- _GIVEN RECORDS_
────────────────────

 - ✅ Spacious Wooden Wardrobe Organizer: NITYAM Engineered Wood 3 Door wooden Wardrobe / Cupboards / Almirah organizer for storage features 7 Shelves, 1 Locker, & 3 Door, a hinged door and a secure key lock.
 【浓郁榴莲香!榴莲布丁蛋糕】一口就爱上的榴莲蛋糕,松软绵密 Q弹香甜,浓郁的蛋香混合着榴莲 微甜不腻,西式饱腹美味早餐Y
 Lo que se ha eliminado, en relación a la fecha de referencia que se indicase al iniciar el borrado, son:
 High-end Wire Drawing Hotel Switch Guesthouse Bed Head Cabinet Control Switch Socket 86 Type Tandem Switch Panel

────────────────────

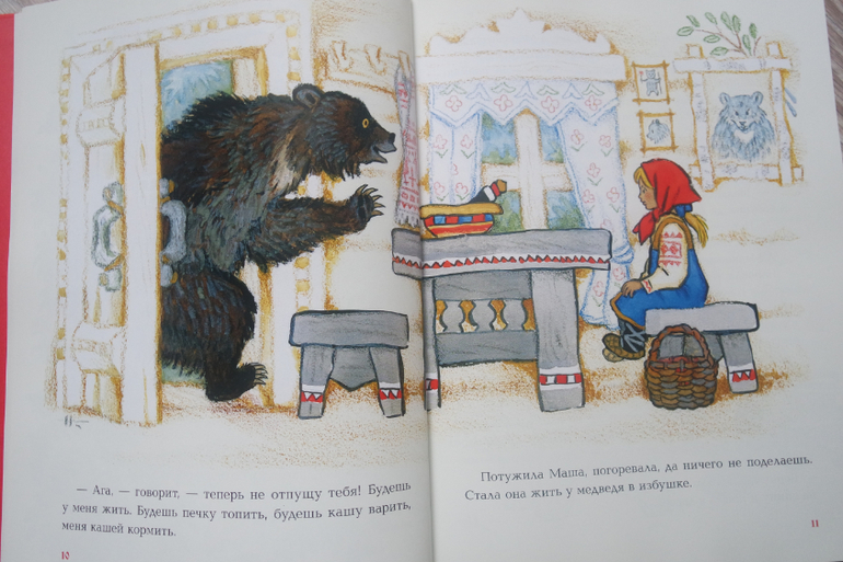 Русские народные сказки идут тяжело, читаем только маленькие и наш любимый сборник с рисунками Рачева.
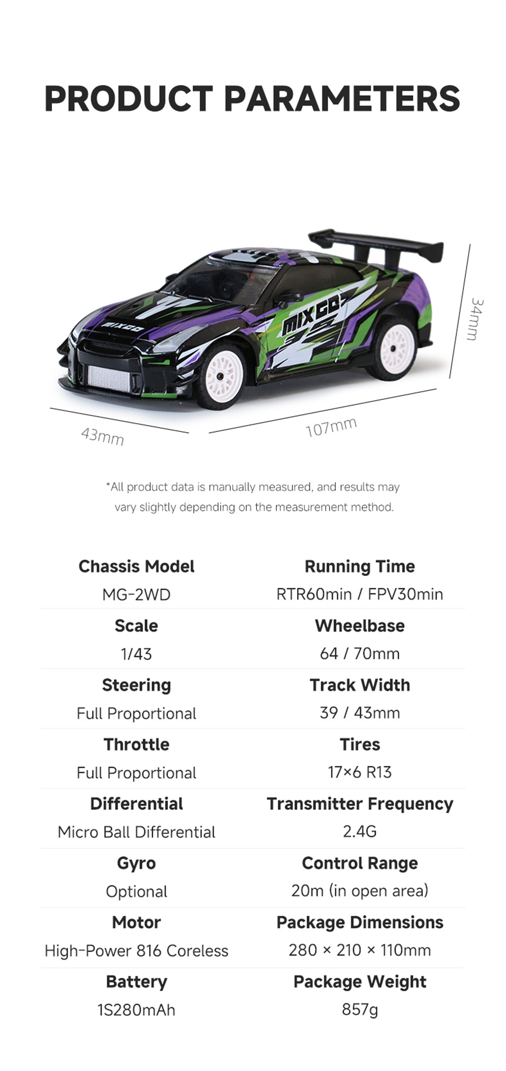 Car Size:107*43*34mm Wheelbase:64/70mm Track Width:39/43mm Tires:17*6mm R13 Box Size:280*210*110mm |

────────────────────

- _WORK ORDER_
The response should hold exactly the lines starting at the line with "- ✅ Spacious" and ending at the line with "Lo que se ha", and no other line of the material above.

- _REPLY TO THE EXERCISE_
 - ✅ Spacious Wooden Wardrobe Organizer: NITYAM Engineered Wood 3 Door wooden Wardrobe / Cupboards / Almirah organizer for storage features 7 Shelves, 1 Locker, & 3 Door, a hinged door and a secure key lock.
 【浓郁榴莲香!榴莲布丁蛋糕】一口就爱上的榴莲蛋糕,松软绵密 Q弹香甜,浓郁的蛋香混合着榴莲 微甜不腻,西式饱腹美味早餐Y
 Lo que se ha eliminado, en relación a la fecha de referencia que se indicase al iniciar el borrado, son:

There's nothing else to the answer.